On Saturday, the black-clad Tennant and ball-capped Lowe came to the Electric Factory for their first Philadelphia performance. (That fact seemed to be lost on Tennant, who told the date-night crowd of gay men and straight couples, "It's great to be back!")
In previous tours, the Boys dressed up sophisticated, droll pop tunes with wigs, costume changes and elaborate sets. Now, the props have been replaced by a full band that brings out the emotionalism bubbling beneath the arch surface of the songs.
And the Pets certainly can cut it live: Suavely lit and smartly paced, the 18-song set mixed the bulk of Release with hits to satiate a crowd eager to shake its middle-aged booty. Percussionist Dawne Adams augmented programmed beats on "Where the Streets Have No Name/Can't Take My Eyes Off of You," a brilliant fusion of U2 portentousness and Frankie Valli bubblegum. Covers of Willie Nelson's "Always on My Mind" and the Village People's "Go West" were equally ecstatic.
The Pets long ago passed their peak as hit-makers. But having proved that cheesy synth-pop can contain big ideas, they remain accomplished craftsmen capable of deep feeling and mild subversion.

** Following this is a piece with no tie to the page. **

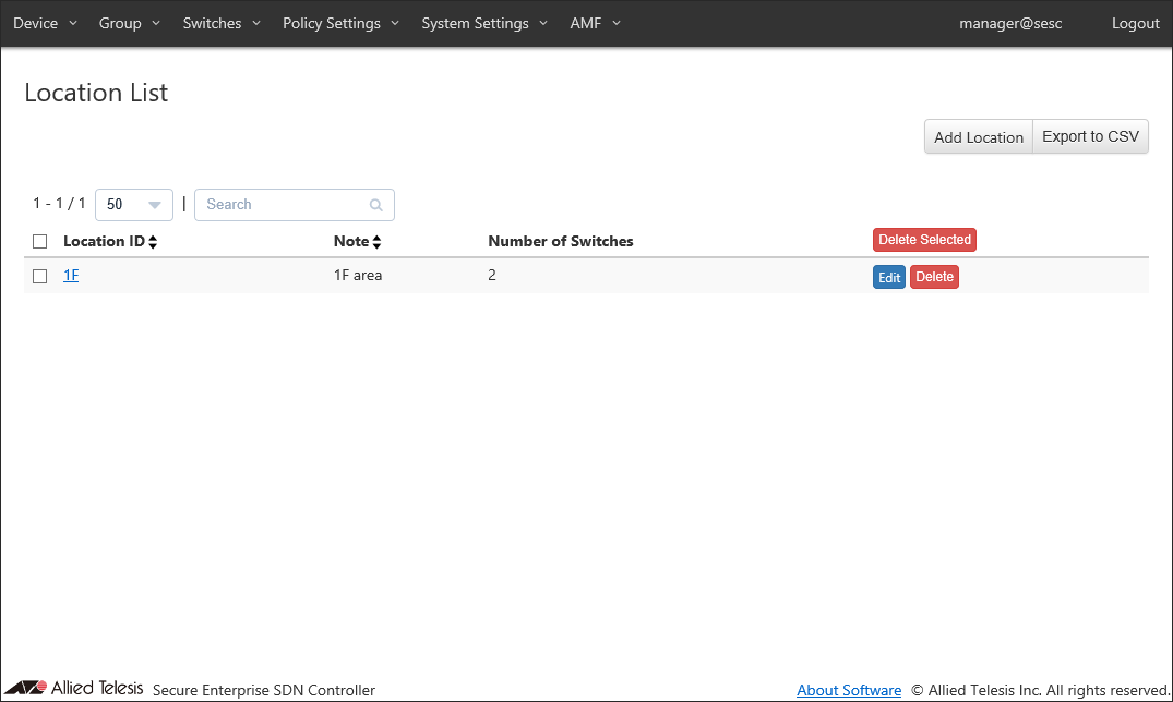 This page lists registered locations in AT-SESC. At this point, only location "1F" is registered.

Tennant emoted effectively on "Love Is a Catastrophe" and "Birthday Boy," which mourns hate-crime victim Matthew Shepard and Jesus Christ. And on "The Night I Fell in Love," he coyly tweaked Eminem, grabbing his crotch for sardonic effect on the languid romance, which imagines a homosexual tryst between a teenage fan and the gay-baiting rapper.